Una revisión sistemática de 2022 en Nutrients que comparó distintos protocolos de ayuno encontró que todas las formas de ayuno intermitente produjeron pérdida de peso y mejoras metabólicas, pero que la magnitud y el tipo de beneficio variaban según la duración y la frecuencia del protocolo (Patikorn et al., 2022). Las ventanas de ayuno más largas produjeron en general más autofagia y mejor sensibilidad a la insulina; las más cortas, mejor constancia y más conservación de masa magra.
Si el ayuno es del todo nuevo para ti, lee nuestra guía completa del ayuno intermitente antes de elegir un método.
Métodos de alimentación con restricción de tiempo
La alimentación con restricción de tiempo (TRE) es la categoría más popular del ayuno intermitente. Comes dentro de una ventana definida cada día y ayunas el resto.

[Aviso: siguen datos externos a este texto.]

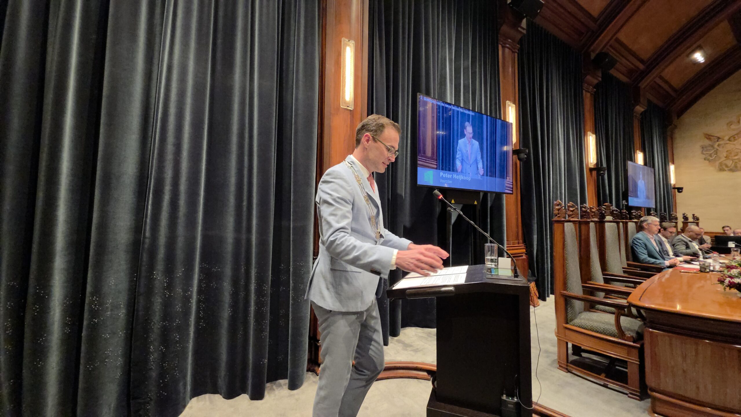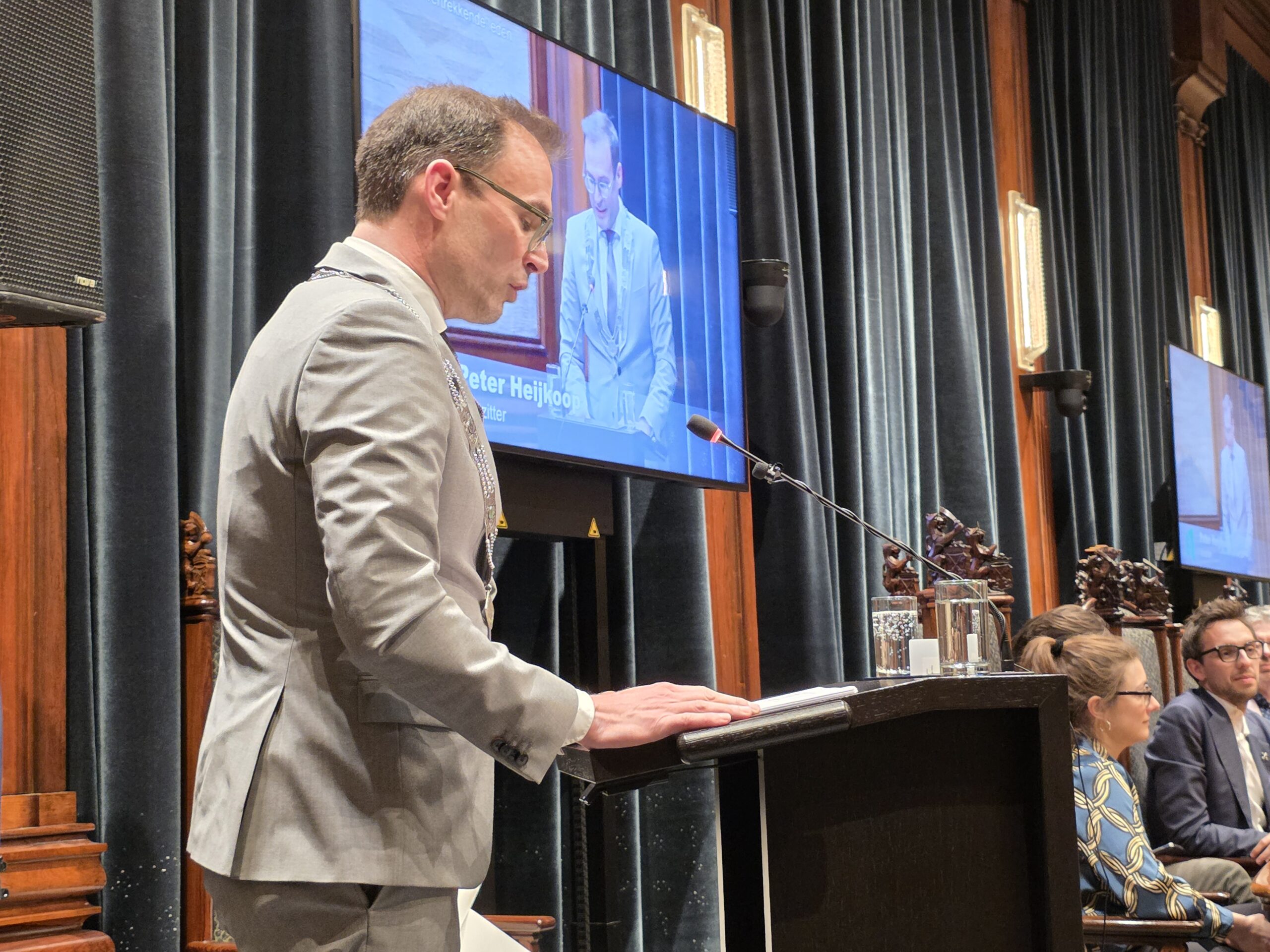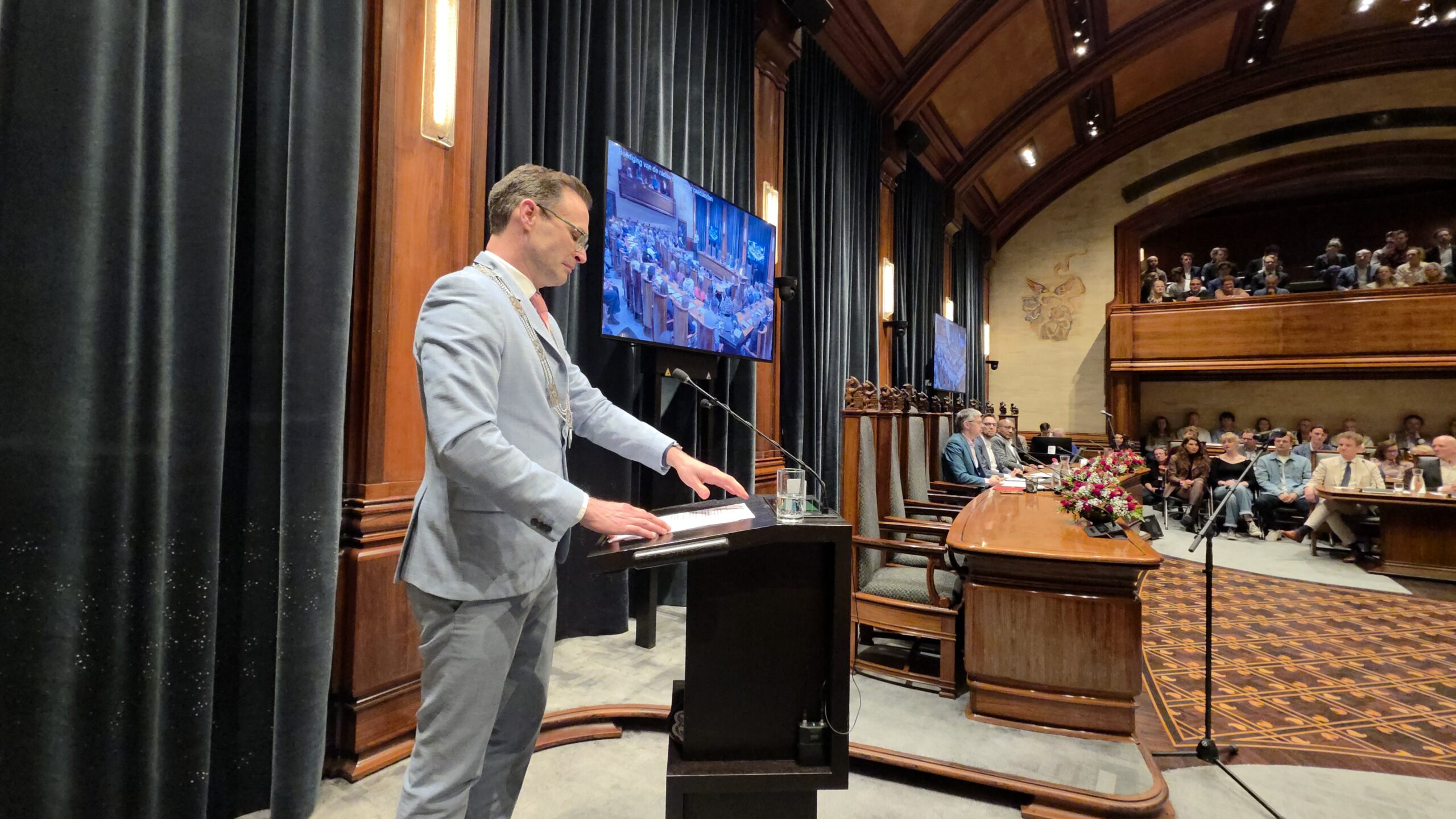 Donderdagavond trad de nieuwe Leidse gemeenteraad aan. Per fractie werden de leden benoemd, nadat ze de eed of de belofte hadden afgelegd. “Zegt u mij zo na”, hield burgemeester Peter Heijkoop de 39 in te zweren raadsleden voor: “Als u de eed aflegt, zegt u ‘Zo waarlijk helpe mij God almachtig’ en bij de belofte luidt de tekst: ‘Dat verklaar en beloof ik’.”

Los números se refieren a las horas de ayuno y a las horas de alimentación.
14/10 — el arranque suave
Ayunas 14 horas y comes en una ventana de 10. Es la puerta de entrada más accesible y aun así da resultados medibles. Un estudio de 2020 en JAMA Internal Medicine encontró que quienes seguían una ventana de alimentación de 10 horas bajaron de peso y mejoraron su presión arterial y su colesterol sin contar ni una caloría (Wilkinson et al., 2020).
Para la mayoría, 14/10 significa terminar la cena a las 20:00 y hacer la primera comida a las 10:00. Casi no se siente como ayuno, que es justo lo que necesita quien empieza.
Todo el detalle: ayuno intermitente 14/10
16/8 — el estándar
Ayunas 16 horas y comes en una ventana de 8. Es la forma más estudiada y más practicada de ayuno intermitente. Las 16 horas bastan para vaciar el glucógeno hepático y poner en marcha una oxidación de grasa real, y la ventana de 8 horas da tiempo suficiente para dos o tres comidas que sacien.
La investigación de Tinsley y La Bounty (2015, Journal of the International Society of Sports Nutrition) mostró que el ayuno 16/8 combinado con entrenamiento de fuerza produjo pérdida de grasa sin perder masa muscular ni fuerza. Por eso es especialmente popular entre quienes entrenan con regularidad.
Un horario 16/8 típico: te saltas el desayuno y comes de las 12:00 a las 20:00. Pero sirve cualquier ventana de 8 horas — la clave es la constancia.
Todo el detalle: ayuno intermitente 16/8
18/6 — el término medio
Ayunas 18 horas y comes en una ventana de 6. Este protocolo entra más adentro en la quema de grasa y la autofagia sin dejar de permitir dos comidas cómodas. Mucha gente adaptada al 16/8 pasa al 18/6 de forma natural, según se le apaga el hambre.
Las 2 horas extra de ayuno parecen poco, pero la diferencia metabólica es notable. A las 18 horas, la mayoría produce ya niveles apreciables de cuerpos cetónicos, que son un combustible alternativo para el cerebro y se asocian con mejor función cognitiva (Mattson et al., 2018, Nature Reviews Neuroscience).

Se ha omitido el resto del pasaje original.